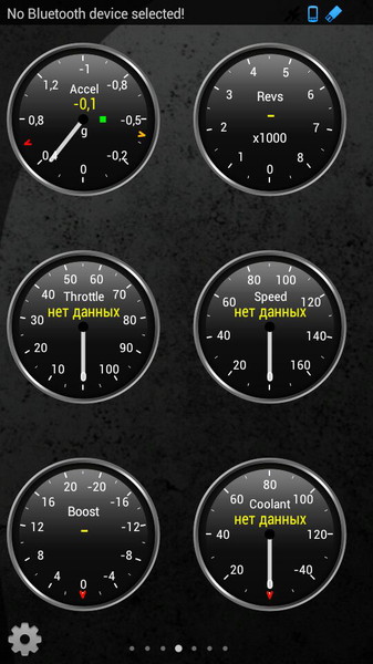 Когда программа подключилась к интерфейсу OBD-II, она начинает получать всю необходимую информацию. В приложении отображаются 7 экранов, с помощью которых вы будете в курсе текущего состояния автомобиля. Точнее, программа отображает параметры работы двигателя. Если во время работы Torque загорелась лампочка check engine на панели приборов, то приложение может её выключить. Информацию, которую вы получаете, можно просматривать как в графиках, так в циферблатах и простых числовых значениях. Помимо встроенных виджетов можно использовать собственные. Алармы на различные значения у датчиков можно настроить самостоятельно. К примеру, для температуры охлаждающей жидкости, оборотов двигателя или текущей скорости. При желании можно загрузить расширенный набор параметров от производителя автомобилей. В любой момент вы можете просмотреть значение датчиков предыдущих проверок.
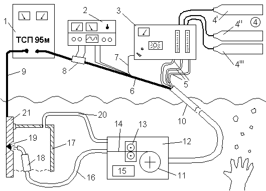 4. 4. полуавтоматическая сваркаПерспективной является полуавтоматическая сварка, сочетающая механическую подачу проволоки в зону дуги с маневренностью и универсальностью ручной сварки (рис.4.4). Кроме того, механическая подача проволоки позволяет длительное время вести процесс сварки без перерывов. Так как проволока имеет меньший диаметр, чем электрод, и не имеет покрытия, создаются благоприятные условия для наблюдения процесса управления формированием шва. Создание мокрого способа полуавтоматической сварки было связано с большими трудностями. Проведенные предварительные опыты показали, что швы получаются узкими, высокими, с неудовлетворительным качеством поверхности. Кроме того, в швах было обнаружено значительное количество пор и неметаллических включений. Механические свойства этих швов оказались недопустимо низкими. Использование для защиты дуги аргона и особенно углекислого газа позволяет не значительно понизить содержание водорода в металле шва. Для механизированной подводной сварки и резки разработаны и применяются полуавтоматы типа ППСР–300–2, "НЕПТУН". Полуавтоматом ППСР – 300 – 2 (рис. 4.4) можно сваривать сталь толщиной 4 мм и более, резать сталь толщиной до 25 мм на глубине до 60 м. В качестве защиты используют углекислый газ. Полуавтомат рассчитан на номинальную силу тока 300 А. Скорость подачи сварочной проволоки диаметром 1,2 или 1,6 мм регулируется в пределах 6,6 – 21,6 см/с. При зарядке кассеты проволокой в количестве 4 – 5 кг сварщик может непрерывно работать 2 – 2,5 ч. 4. 5. Сварочные материалыДля ручной дуговой сварки под водой используют электроды диаметром 4-6 мм (рис.4.1) из сварочной проволоки марок Св-08, Св-08А, Св-08ГА, Св-08Г2, а для полуавтоматической сварки – проволоки марок СВ-08Г2С, ППС-АН1. Наибольшее применение получили электроды марок ЭПС-5 и ЭПС-52, имеющие в составе покрытия ферросплавы, что улучшает химический состав и механические свойства металла шва. Водонепроницаемость покрытия достигается пропиткой такими составами, как парафин, раствор целлулоида в ацетоне, раствор синтетических смол в дихлорэтане, нитролаке и др. Для подводной сварки применяют специальные электрододержатели, которые имеют надежную электроизоляцию по всей поверхности. Смена электрода производится только после отключения сварочного тока.
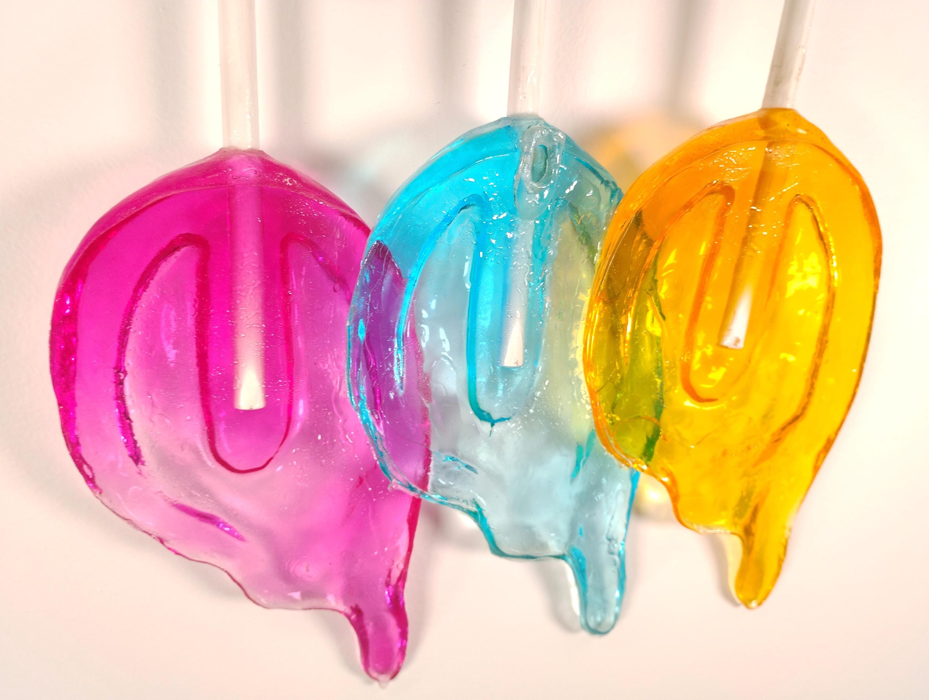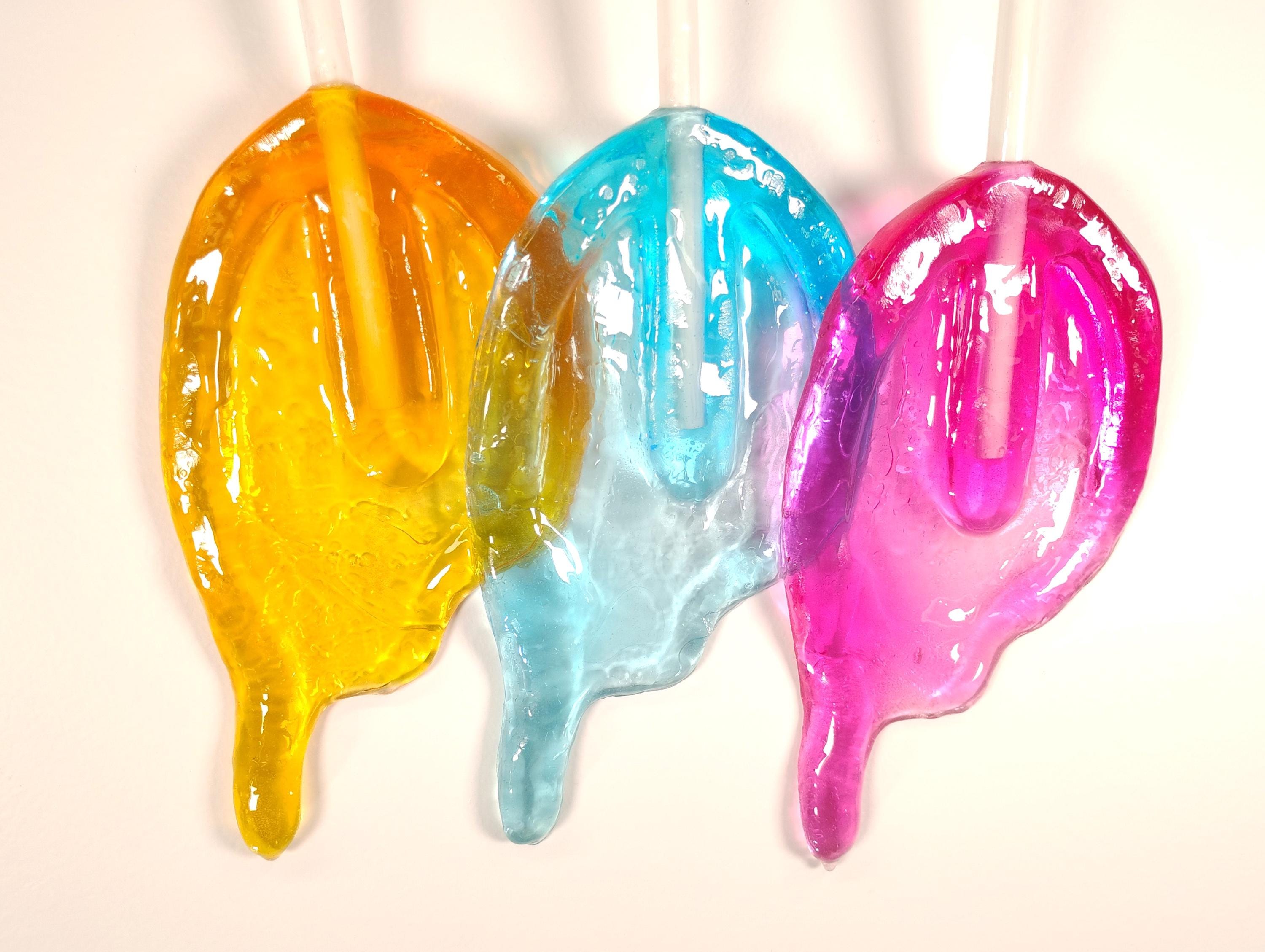 This gorgeous whimsical melting resin sucker sculpture has been handmade in my studio and colored with pigments.

EXERCISE INSTRUCTIONS: Return all the material exactly, pictures excluded.

EXERCISE SOLUTION:
 Когда программа подключилась к интерфейсу OBD-II, она начинает получать всю необходимую информацию. В приложении отображаются 7 экранов, с помощью которых вы будете в курсе текущего состояния автомобиля. Точнее, программа отображает параметры работы двигателя. Если во время работы Torque загорелась лампочка check engine на панели приборов, то приложение может её выключить. Информацию, которую вы получаете, можно просматривать как в графиках, так в циферблатах и простых числовых значениях. Помимо встроенных виджетов можно использовать собственные. Алармы на различные значения у датчиков можно настроить самостоятельно. К примеру, для температуры охлаждающей жидкости, оборотов двигателя или текущей скорости. При желании можно загрузить расширенный набор параметров от производителя автомобилей. В любой момент вы можете просмотреть значение датчиков предыдущих проверок.
 4. 4. полуавтоматическая сваркаПерспективной является полуавтоматическая сварка, сочетающая механическую подачу проволоки в зону дуги с маневренностью и универсальностью ручной сварки (рис.4.4). Кроме того, механическая подача проволоки позволяет длительное время вести процесс сварки без перерывов. Так как проволока имеет меньший диаметр, чем электрод, и не имеет покрытия, создаются благоприятные условия для наблюдения процесса управления формированием шва. Создание мокрого способа полуавтоматической сварки было связано с большими трудностями. Проведенные предварительные опыты показали, что швы получаются узкими, высокими, с неудовлетворительным качеством поверхности. Кроме того, в швах было обнаружено значительное количество пор и неметаллических включений. Механические свойства этих швов оказались недопустимо низкими. Использование для защиты дуги аргона и особенно углекислого газа позволяет не значительно понизить содержание водорода в металле шва. Для механизированной подводной сварки и резки разработаны и применяются полуавтоматы типа ППСР–300–2, "НЕПТУН". Полуавтоматом ППСР – 300 – 2 (рис. 4.4) можно сваривать сталь толщиной 4 мм и более, резать сталь толщиной до 25 мм на глубине до 60 м. В качестве защиты используют углекислый газ. Полуавтомат рассчитан на номинальную силу тока 300 А. Скорость подачи сварочной проволоки диаметром 1,2 или 1,6 мм регулируется в пределах 6,6 – 21,6 см/с. При зарядке кассеты проволокой в количестве 4 – 5 кг сварщик может непрерывно работать 2 – 2,5 ч. 4. 5. Сварочные материалыДля ручной дуговой сварки под водой используют электроды диаметром 4-6 мм (рис.4.1) из сварочной проволоки марок Св-08, Св-08А, Св-08ГА, Св-08Г2, а для полуавтоматической сварки – проволоки марок СВ-08Г2С, ППС-АН1. Наибольшее применение получили электроды марок ЭПС-5 и ЭПС-52, имеющие в составе покрытия ферросплавы, что улучшает химический состав и механические свойства металла шва. Водонепроницаемость покрытия достигается пропиткой такими составами, как парафин, раствор целлулоида в ацетоне, раствор синтетических смол в дихлорэтане, нитролаке и др. Для подводной сварки применяют специальные электрододержатели, которые имеют надежную электроизоляцию по всей поверхности. Смена электрода производится только после отключения сварочного тока.
 This gorgeous whimsical melting resin sucker sculpture has been handmade in my studio and colored with pigments.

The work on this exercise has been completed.